[SUPPLIED DATA — start]
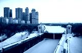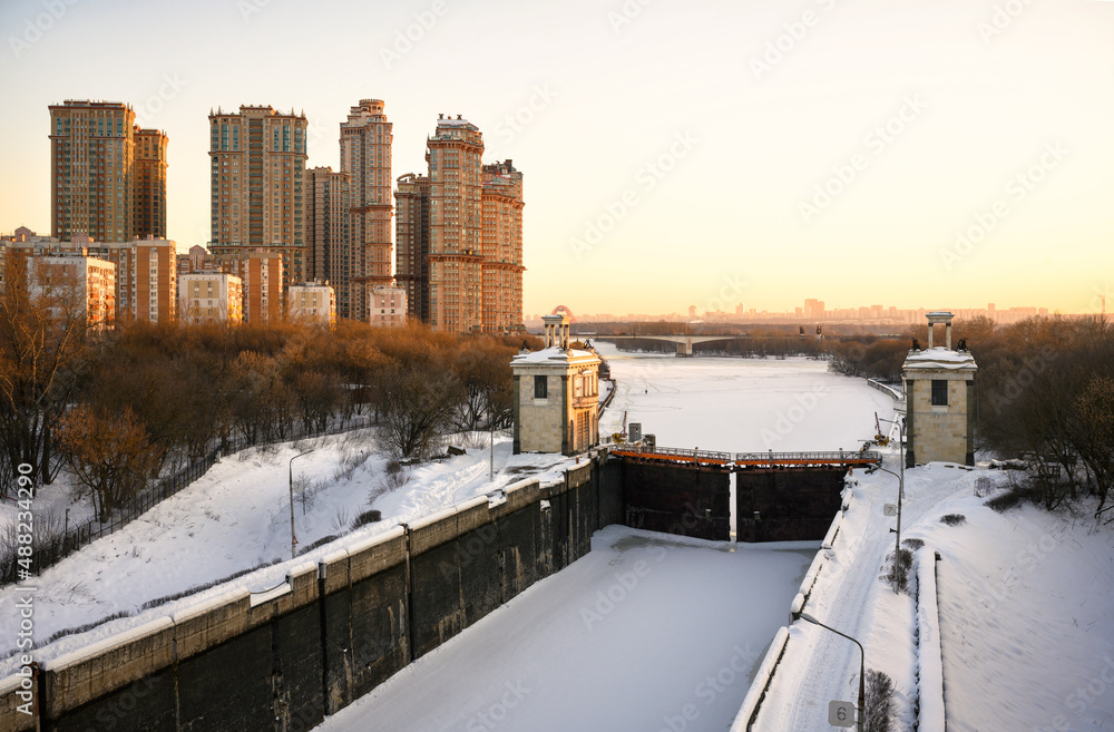 Floodgates on Moscow Canal in winter, Moscow, Russia
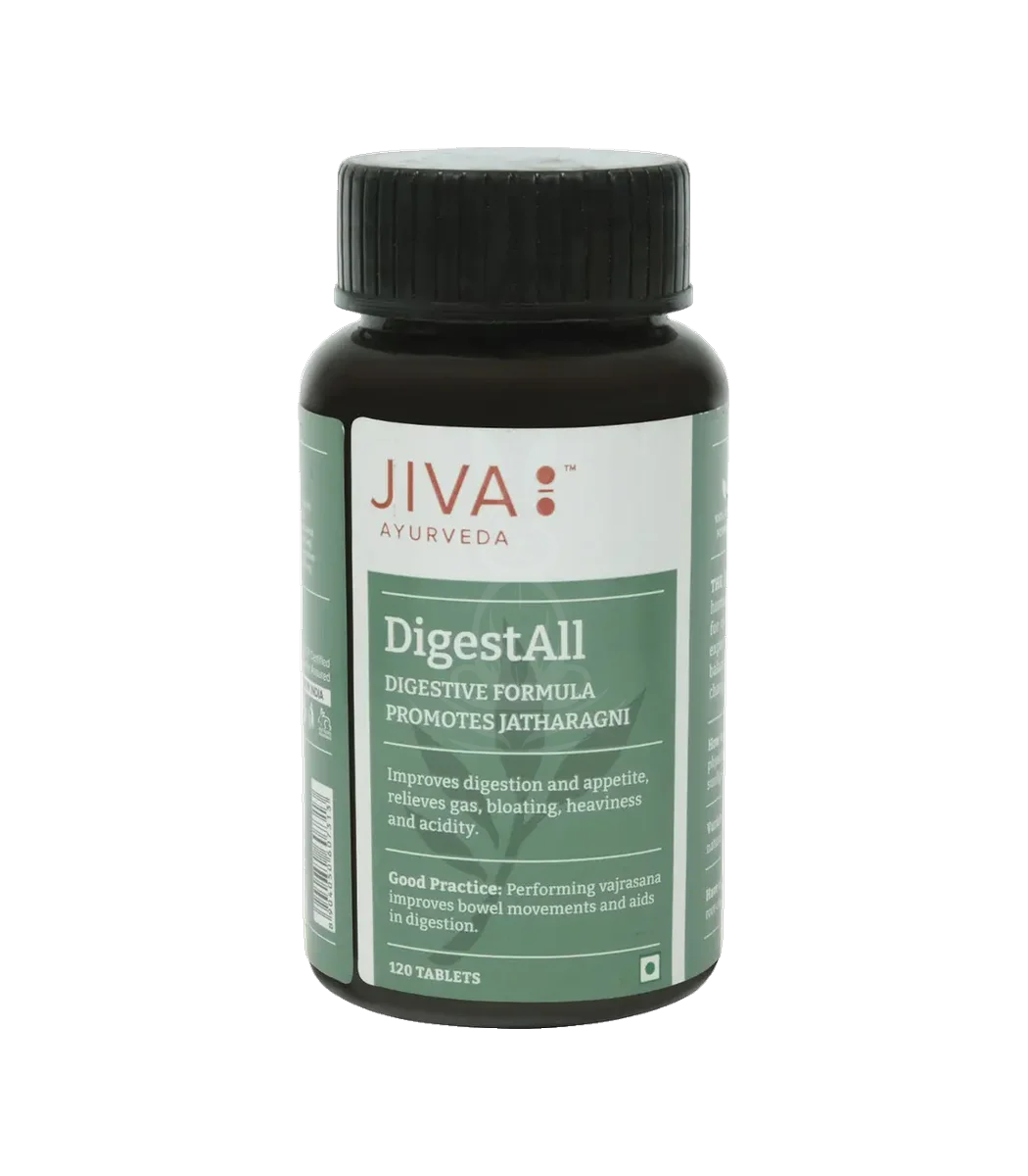 Digest All від Jiva – це аюрведичний препарат, створений для підтримки здорової роботи травної системи. Засіб допомагає покращити процес травлення, зменшити здуття та дискомфорт у шлунку, а також запобігти розладам травлення.
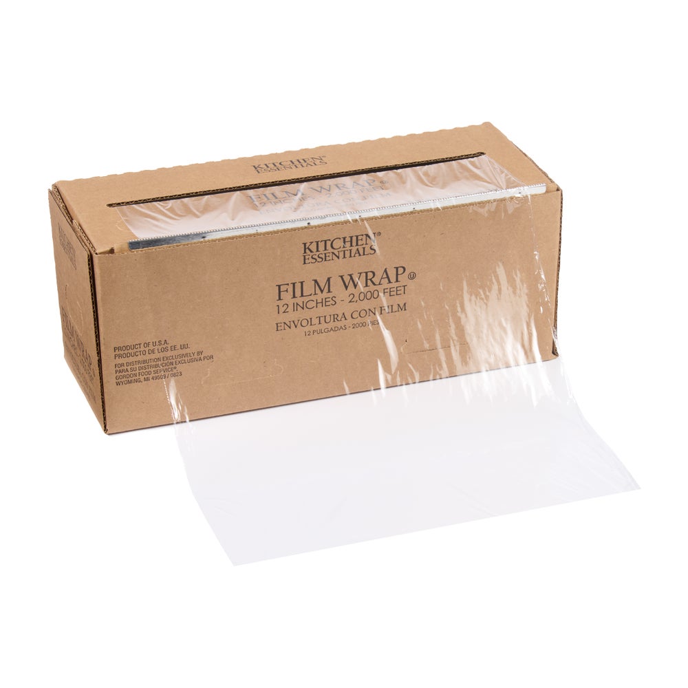 Kitchen Essentials 12 Inch Cling Wrap Film Roll, Clear, in Cutter Box, 2000 Foot Each, 1/Roll
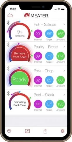 Steek de Meater in het vlees, open de Meater app en selecteer het gerecht. Zo krijgt iedereen z’n vlees zoals hij dat lekker vindt. Jij rare en je vrienden medium rare bijvoorbeeld. Dankzij de nummering van de thermometers houd jij het vlees makkelijk uit elkaar. De app geeft je een seintje wanneer het gerecht klaar is. Wil je graag dichtbij het vuur staan? Dan bedien je het OLED touchscreen via het Meater thermometer blok. Genieten maar!Â
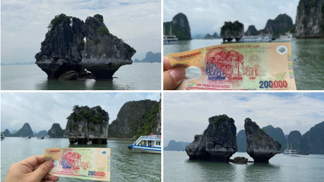 베트남 화폐 20만동에 나오는 향로 바위(예로부터 베트남을 외세로부터 지켜준다는 전설을 가진)와 키스 바위(닭 두 마리가 마주 본 형상이며, 각도에 따라 물고기로 보이기도 함)를 지납니다.
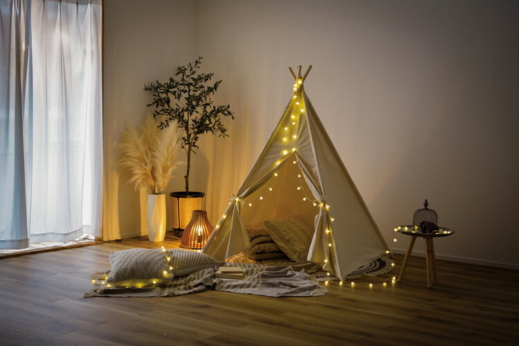 設置するだけで特別な空間を演出するティピーテント。持ち運び可能でさまざまなシーンでお使いいただけます。
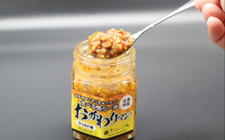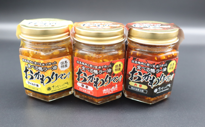 但馬鴨肉をたっぷり使用した贅沢な食べるラー油を、マイルド味、中辛、大辛の3種で楽しめる食べ比べセット。
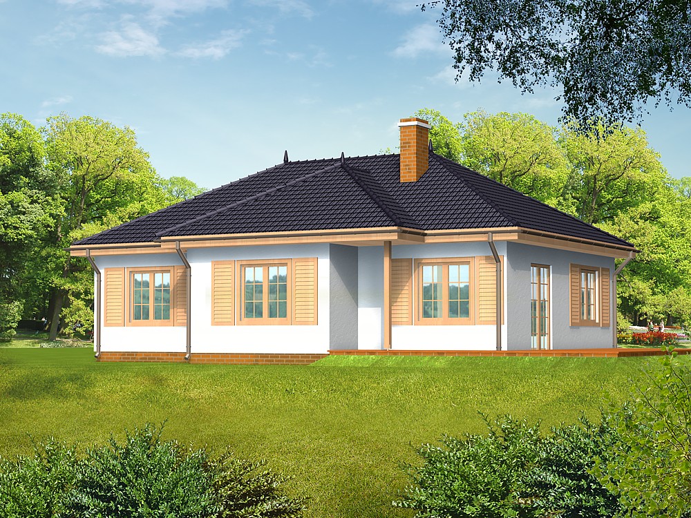 Dom drewniany parterowy z garażem - szkielet drewniany, przeznaczony dla 4-5 osobowej rodziny. Zostały wydzielone dwie strefy, dzienna na parterze to sień, hol, salon, kuchnia, wc, natomiast część nocna to trzy sypialnie i łazienka.
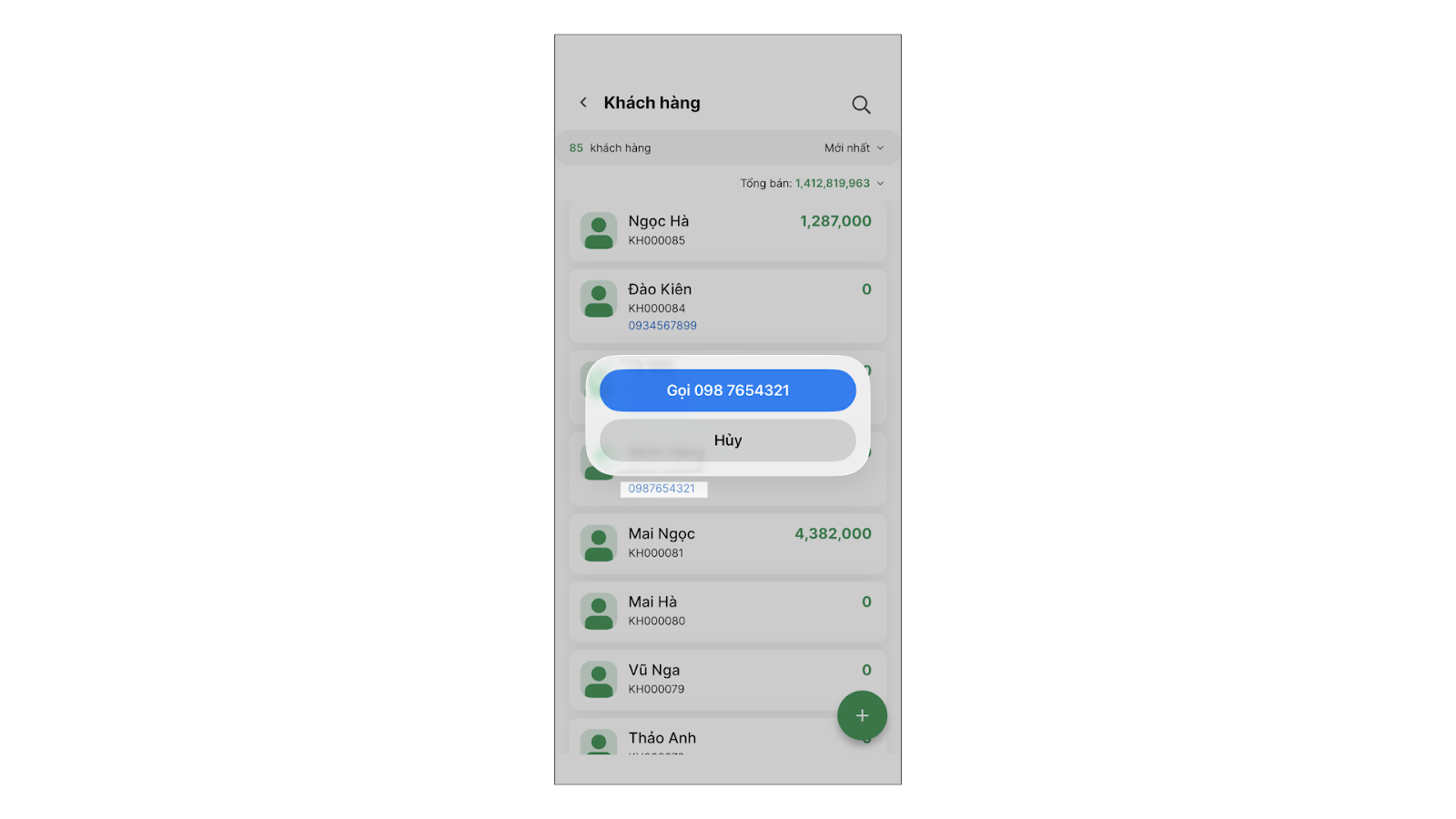 - Trên danh sách hoặc chi tiết khách hàng → chạm vào số điện thoại → bạn thực hiện cuộc gọi ngay lập tức mà không cần bấm số thủ công.
[SUPPLIED DATA — finish]
## WORK REQUEST
Copy exactly the lines that run from the line containing "設置するだけで特別な空間を演" to the end of the data, keeping both end lines and dropping every picture.

## EXERCISE RESULT
 設置するだけで特別な空間を演出するティピーテント。持ち運び可能でさまざまなシーンでお使いいただけます。
 但馬鴨肉をたっぷり使用した贅沢な食べるラー油を、マイルド味、中辛、大辛の3種で楽しめる食べ比べセット。
 Dom drewniany parterowy z garażem - szkielet drewniany, przeznaczony dla 4-5 osobowej rodziny. Zostały wydzielone dwie strefy, dzienna na parterze to sień, hol, salon, kuchnia, wc, natomiast część nocna to trzy sypialnie i łazienka.
 - Trên danh sách hoặc chi tiết khách hàng → chạm vào số điện thoại → bạn thực hiện cuộc gọi ngay lập tức mà không cần bấm số thủ công.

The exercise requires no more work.